– «Да, признаться: это меня удивляет; и признаться, я бы вовсе не стал с вами действовать вместе». Николай Аполлонович начинал внимательней внимать речам незнакомца, становившимся все округленнее, все звучней.
   – – «А ведь все-таки вы узелочек-то мой от меня взяли: вот мы, стало быть, действуем заодно».
   – «Ну, это в счет не может идти; какое тут действие…»
   – «Ну, конечно, конечно», – перебил его незнакомец, – «это я пошутил». И он помолчал, посмотрел ласково на Николая Аполлоновича и сказал на этот раз совершенно открыто:
   – «Знаете, я давно хотел видеться с вами: поговорить по душам; я так мало с кем вижусь. Мне хотелось рассказать о себе. Я ведь – неуловимый не только для противников движения, но и для недостаточных доброжелателей оного. Так сказать, квинтэссенция революции, а вот странно: все-то вы знаете про методику социальных явлений, углубляетесь в диаграммы, в статистику, вероятно, знаете в совершенстве и Маркса; а вот я – я ничего не читал; вы не думайте: я начитан, и очень, только я не о том, не о цифрах статистики».
   – «Так о чем же вы?… Нет, позвольте, позвольте: у меня в шкафчике есть коньяк – хотите?»
   – «Не прочь…»
   Николай Аполлонович полез в маленький шкафчик: скоро перед гостем показался граненый графинчик и две граненые рюмочки.
   Николай Аполлонович во время беседы с гостями гостей потчевал коньяком.
   Наливая гостю коньяк с величайшей рассеянностью (как и все Аблеуховы, был он рассеян), Николай Аполлонович все думал о том, что сейчас выгодно представлялся ему удобнейший случай отказаться вовсе от тогдашнего предложения; но когда он хотел словесно выразить свою мысль, он сконфузился: он из трусости не хотел пред лицом незнакомца выказать трусость; да и кроме того: он на радостях не хотел бременить себя щекотливейшим разговором, когда можно было отказаться и письменно.

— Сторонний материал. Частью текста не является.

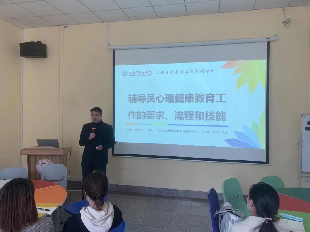 10月20日8点30分,万博官网新入职辅导员心理健康教育工作培训在万博官网大学生心理健康教育与咨询中心一楼团体辅导室举行。本次培训由万博官网心理中心专职教师,国家二级心理咨询师赵全宇老师主讲,题目为《辅导员心理健康教育工作的要求流程和技能》。会议由学工处处长宁晶主持,新入职辅导员参加了此次培训。
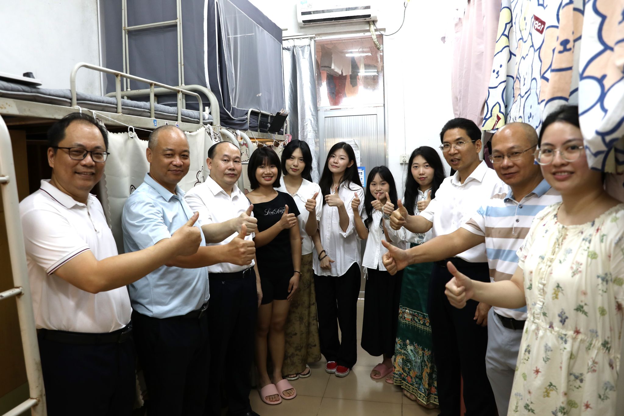 阳爱民一行与2025届毕业生宿舍的同学们合影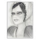 Black and white pencil sketch of a flapper with short hair and a cap hat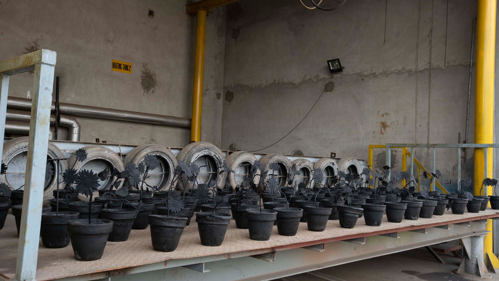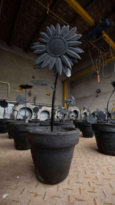 The artist took inspiration for Against the Sun from the factory itself, where these artworks were displayed and tried to capture the loss of identity in mass production by replicating sunflowers in rubber and arranging them in a grid layout. The artist produced the flowers using rubber in black. Each flower and its petals were glued by hand to give them unique characteristics.
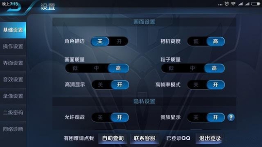 画面质量,粒子质量,建议都选高,高清显示建议开启。这样的好处就是能够清楚的分辨敌方的技能以及技能范围,有些特效不开的话会显示的不明显,从而无法躲,如王昭君的冰圈。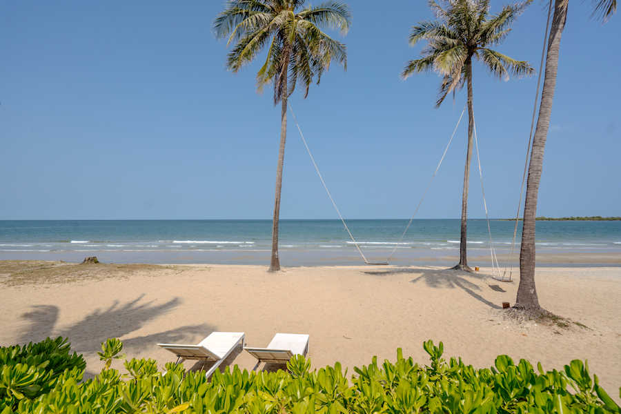 Ein wunderschöner Sandstrand zu beiden Seiten des Sirarun Resorts, soweit das Auge reicht. In der Ferne auf einem Hügel thront der märchenhafte Wat Thang Sai.

   – «Я читаю теперь Конан-Дойля, для отдыха» – трещал незнакомец, – «не сердитесь – это шутка, конечно. Впрочем, пусть и не шутка; ведь если признаться, круг моих чтений для вас будет так же все дик: я читаю историю гностицизма [112], Григория Нисского [113], Сирианина [114], Апокалипсис [115]. В этом, знаете, – моя привилегия; как-никак – я полковник движения, с полей деятельности переведенный (за заслуги) и в штаб-квартиру. Да, да, да: я – полковник. За выслугой лет, разумеется; а вот вы, Николай Аполлонович, со своею методикой и умом, вы – унтер: вы, во-первых, унтер потому, что вы теоретик; а насчет теории у генералов-то наших – плоховаты дела; ведь признайтесь-ка – плоховаты; и они – точь-в-точь архиереи, архиереи же из монахов; и молоденький академист, изучивший Гарнака [116], но прошедший мимо опытной школы, не побывавший у схимника [117], – для архиерея только досадный церковный придаток; вот и вы со всеми своими теориями – придаток; поверьте, досадный».
   – «Да ведь в ваших словах слышу я народовольческий привкус».

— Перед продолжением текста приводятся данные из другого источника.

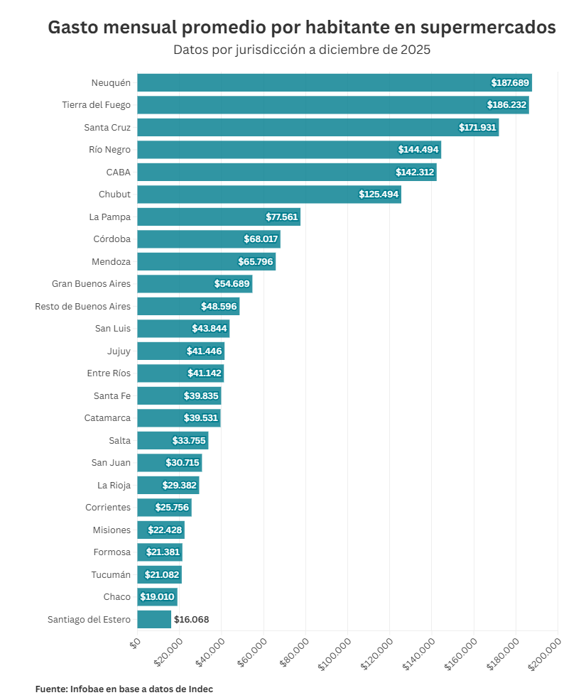 El análisis territorial permite identificar que las provincias de la Patagonia y la Ciudad Autónoma de Buenos Aires (CABA) encabezan los registros de mayor gasto en las góndolas. La provincia de Neuquén registró el valor más alto de todo el país, con una inversión promedio de $187.689 por habitante durante el último mes del año pasado. Le siguieron muy de cerca Tierra del Fuego, con $186.232, y Santa Cruz, con $171.931.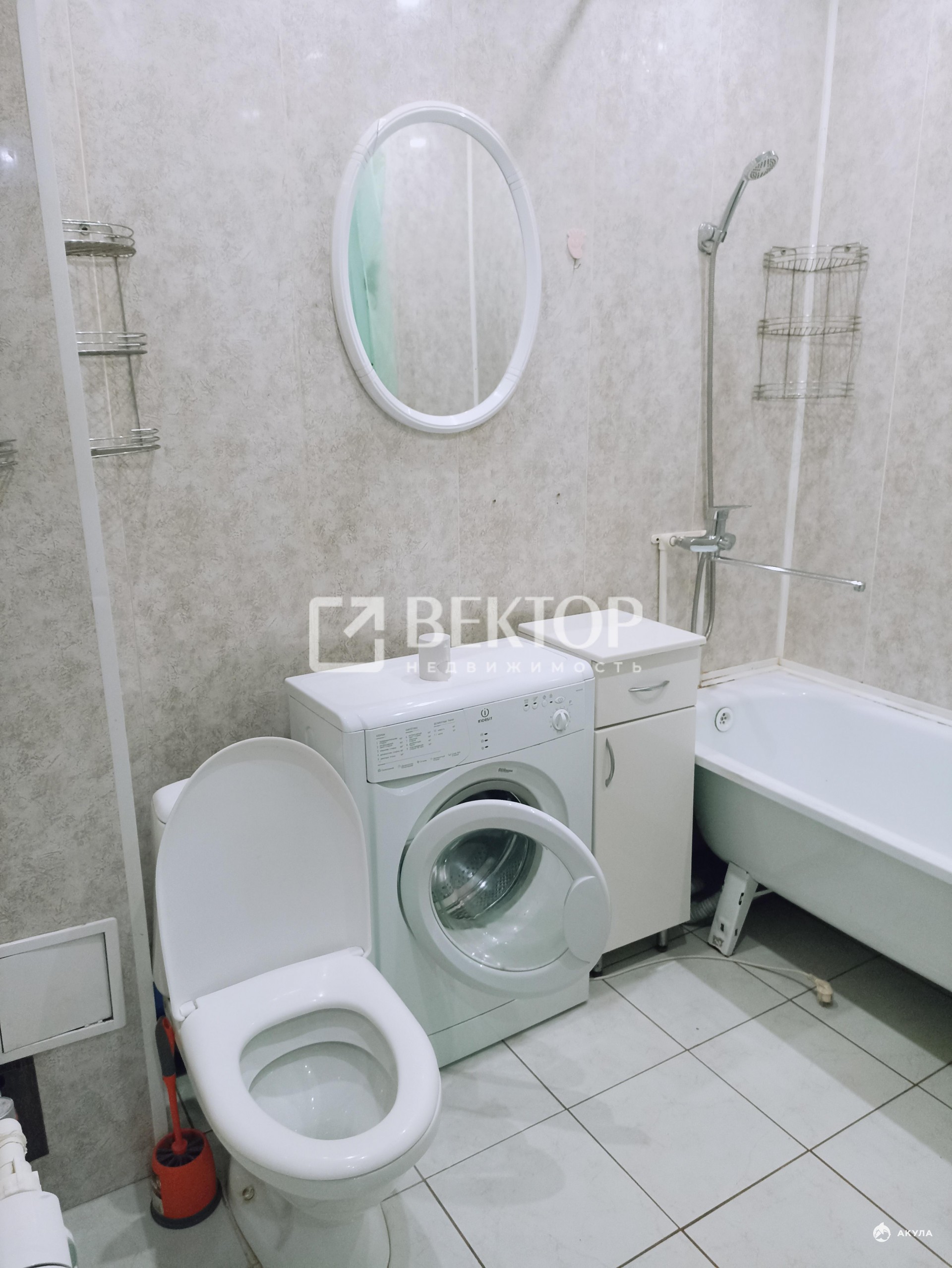 Имеется большой диван, шкаф, стиральная машина, холодильник.

   – «Ну так что же? С народовольцами сила, не с марксистами же. Но простите, отвлекся я… я о чем? Да, о выслуге лет и о чтении. Так вот: оригинальность умственной моей пищи все от того же чудачества; я такой же революционный фанфарон, как любой фанфарон вояка с Георгием [118]: старому фанфарону, рубаке, все простят».
   Незнакомец задумался, налил рюмочку: выпил – налил еще.
   – «Да и как же мне не найти своего, личного, самого по себе: я и так уж, кажется, проживаю приватно – в четырех желтых стенах; моя слава растет, общество повторяет мою партийную кличку, а круг лиц, стоящих со мною в человеческих отношениях, верьте, равен нулю; обо мне впервые узнали в то славное время, когда я засел в сорокапятиградусный мороз…»
   – «Вы ведь были сосланы?»
   – «Да, в Якутскую область».
   Наступило неловкое молчание. Незнакомец с черными усиками из окошка посмотрел на пространство Невы; взвесилась там бледно-серая гнилость: там был край земли и там был конец бесконечностям; там, сквозь серость и гнилость уже что-то шептал ядовитый октябрь, ударяя о стекла слезами и ветром; и дождливые слезы на стеклах догоняли друг друга, чтобы виться в ручьи и чертить крючковатые знаки слов; в трубах слышалась сладкая пискотня ветра, а сеть черных труб, издалека-далека, посылала под небо свой дым. И дым падал хвостами над темно-цветными водами. Незнакомец с черными усика-ми прикоснулся губами к рюмочке, посмотрел на желтую влагу: его руки дрожали.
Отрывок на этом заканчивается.